[TASK OBJECTIVE]: Take the records below and set down exactly the lines from the one with "Dámské semišové kozačky" to the one with "Using a deck-transforming", ends included; do not copy the pictures.

[THE INPUT]:
--
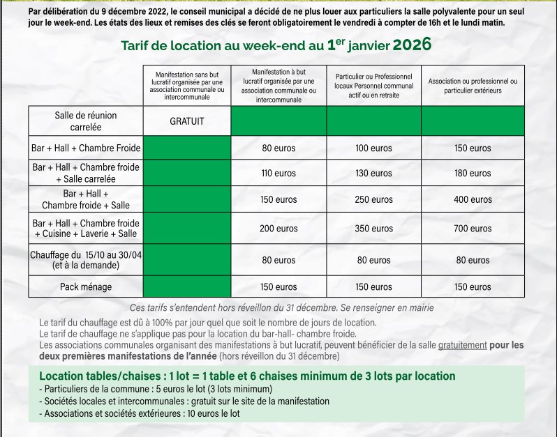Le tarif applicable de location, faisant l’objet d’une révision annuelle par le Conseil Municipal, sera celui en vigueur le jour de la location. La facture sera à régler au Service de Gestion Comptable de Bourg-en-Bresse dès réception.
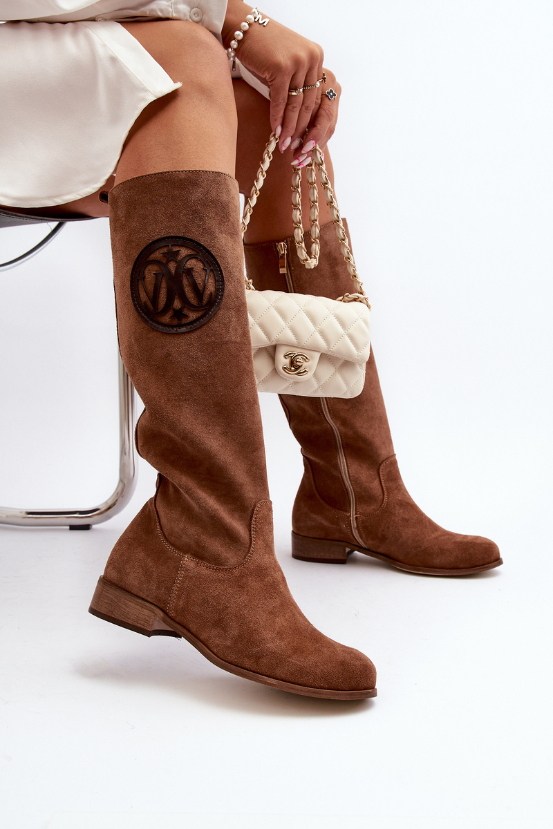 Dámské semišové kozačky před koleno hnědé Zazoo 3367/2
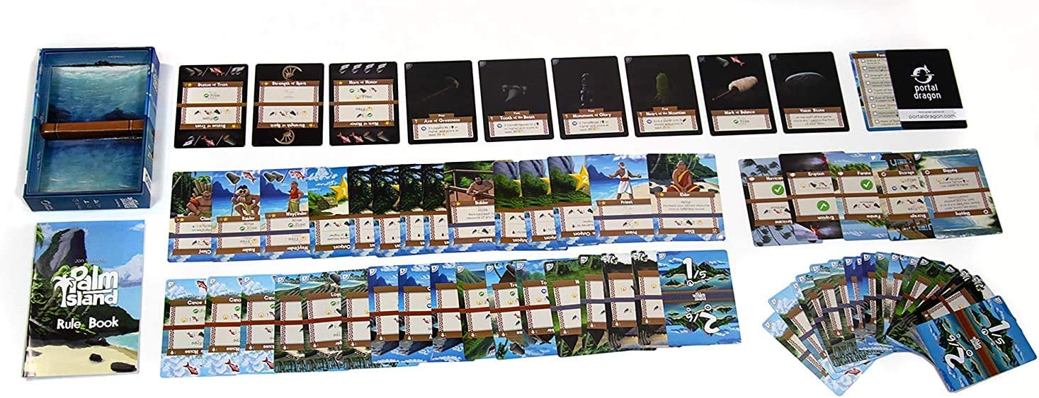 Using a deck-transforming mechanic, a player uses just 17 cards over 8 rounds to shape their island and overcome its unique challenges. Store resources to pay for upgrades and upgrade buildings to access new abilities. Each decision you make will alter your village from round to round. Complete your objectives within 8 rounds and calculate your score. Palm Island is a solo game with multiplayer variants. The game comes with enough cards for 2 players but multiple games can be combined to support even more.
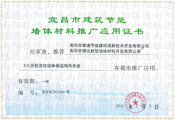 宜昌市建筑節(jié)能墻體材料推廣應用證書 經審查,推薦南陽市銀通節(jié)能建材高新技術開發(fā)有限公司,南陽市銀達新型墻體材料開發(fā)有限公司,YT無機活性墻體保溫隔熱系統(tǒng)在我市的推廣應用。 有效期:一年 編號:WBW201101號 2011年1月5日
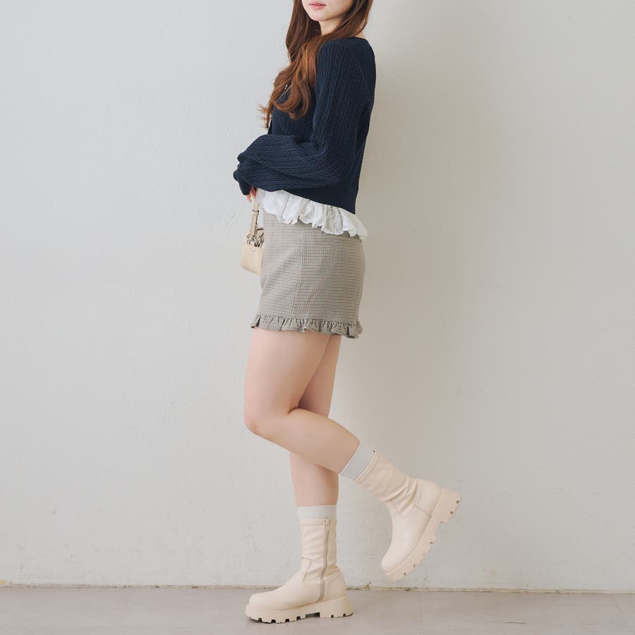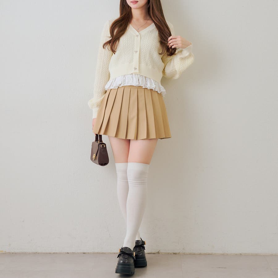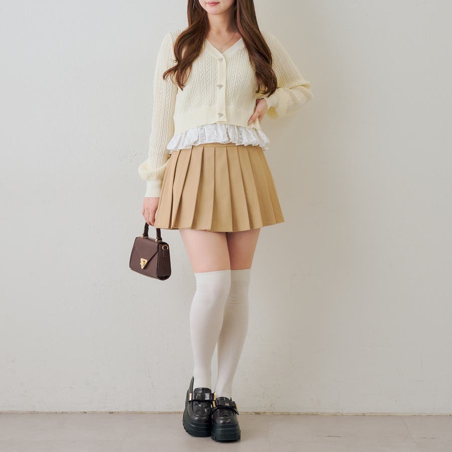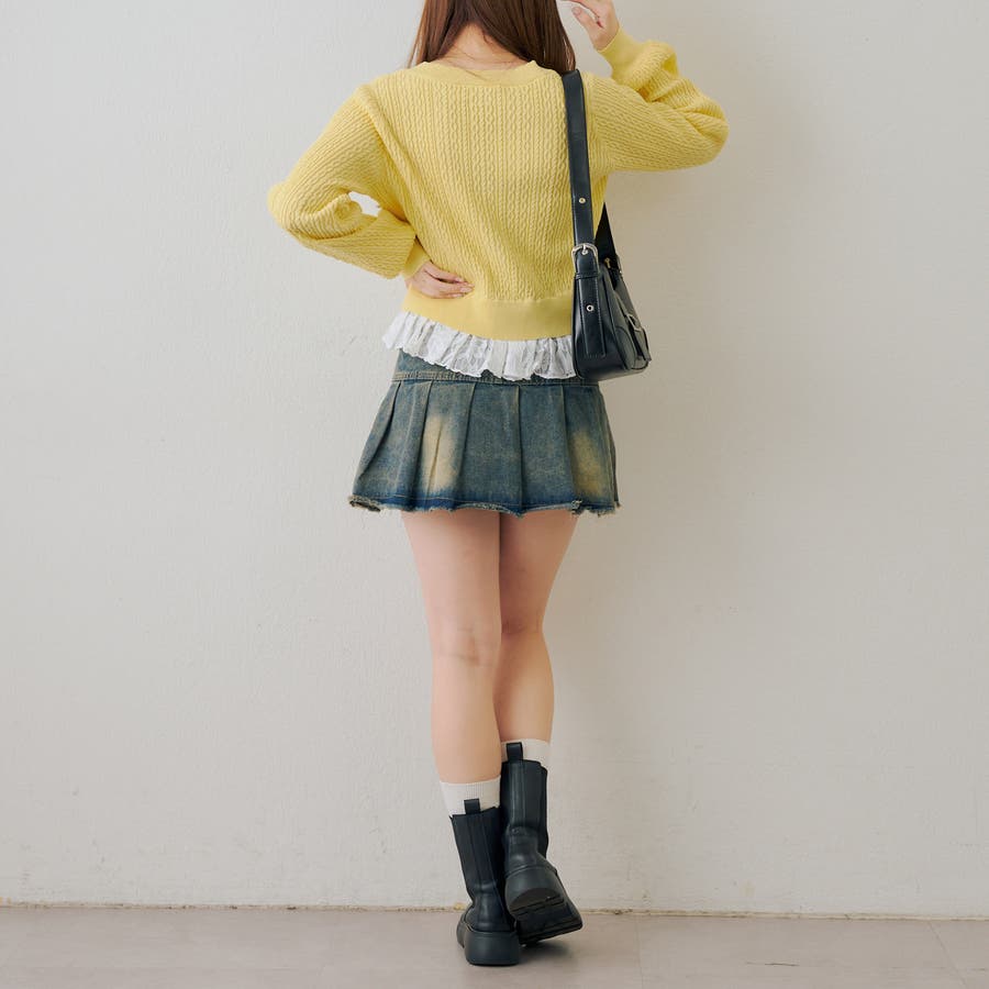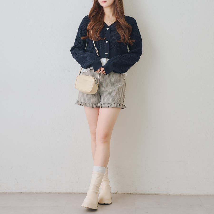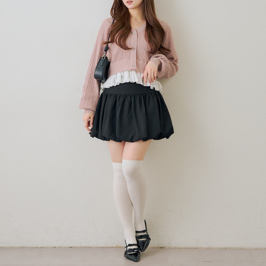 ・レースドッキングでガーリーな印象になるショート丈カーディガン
--
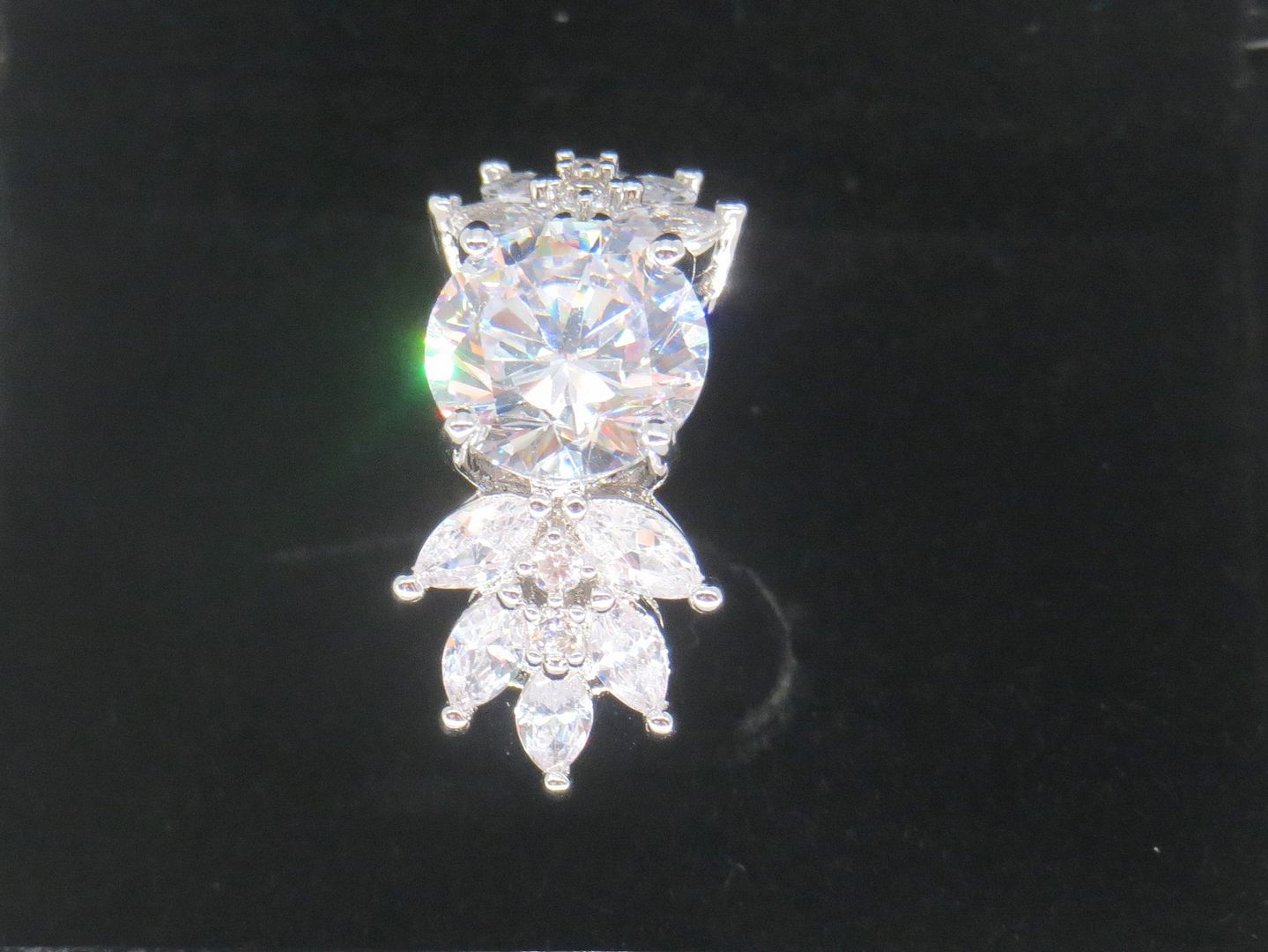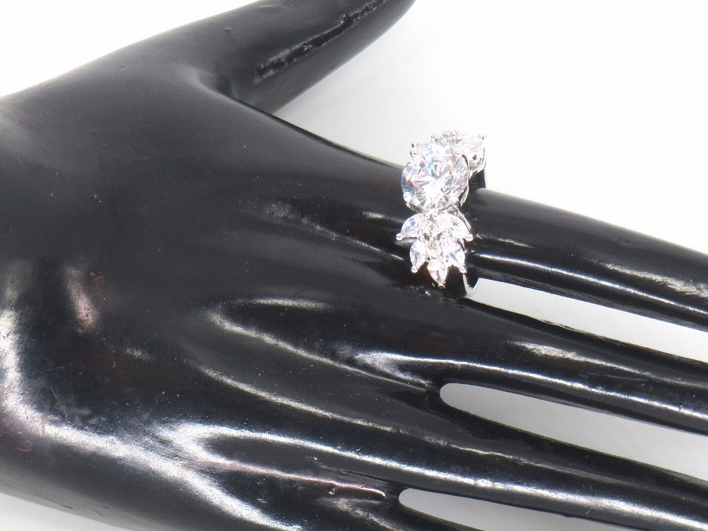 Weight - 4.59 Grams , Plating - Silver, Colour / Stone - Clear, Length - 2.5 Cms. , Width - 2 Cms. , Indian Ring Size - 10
--
[EXERCISE RESULT]:
 Dámské semišové kozačky před koleno hnědé Zazoo 3367/2
 Using a deck-transforming mechanic, a player uses just 17 cards over 8 rounds to shape their island and overcome its unique challenges. Store resources to pay for upgrades and upgrade buildings to access new abilities. Each decision you make will alter your village from round to round. Complete your objectives within 8 rounds and calculate your score. Palm Island is a solo game with multiplayer variants. The game comes with enough cards for 2 players but multiple games can be combined to support even more.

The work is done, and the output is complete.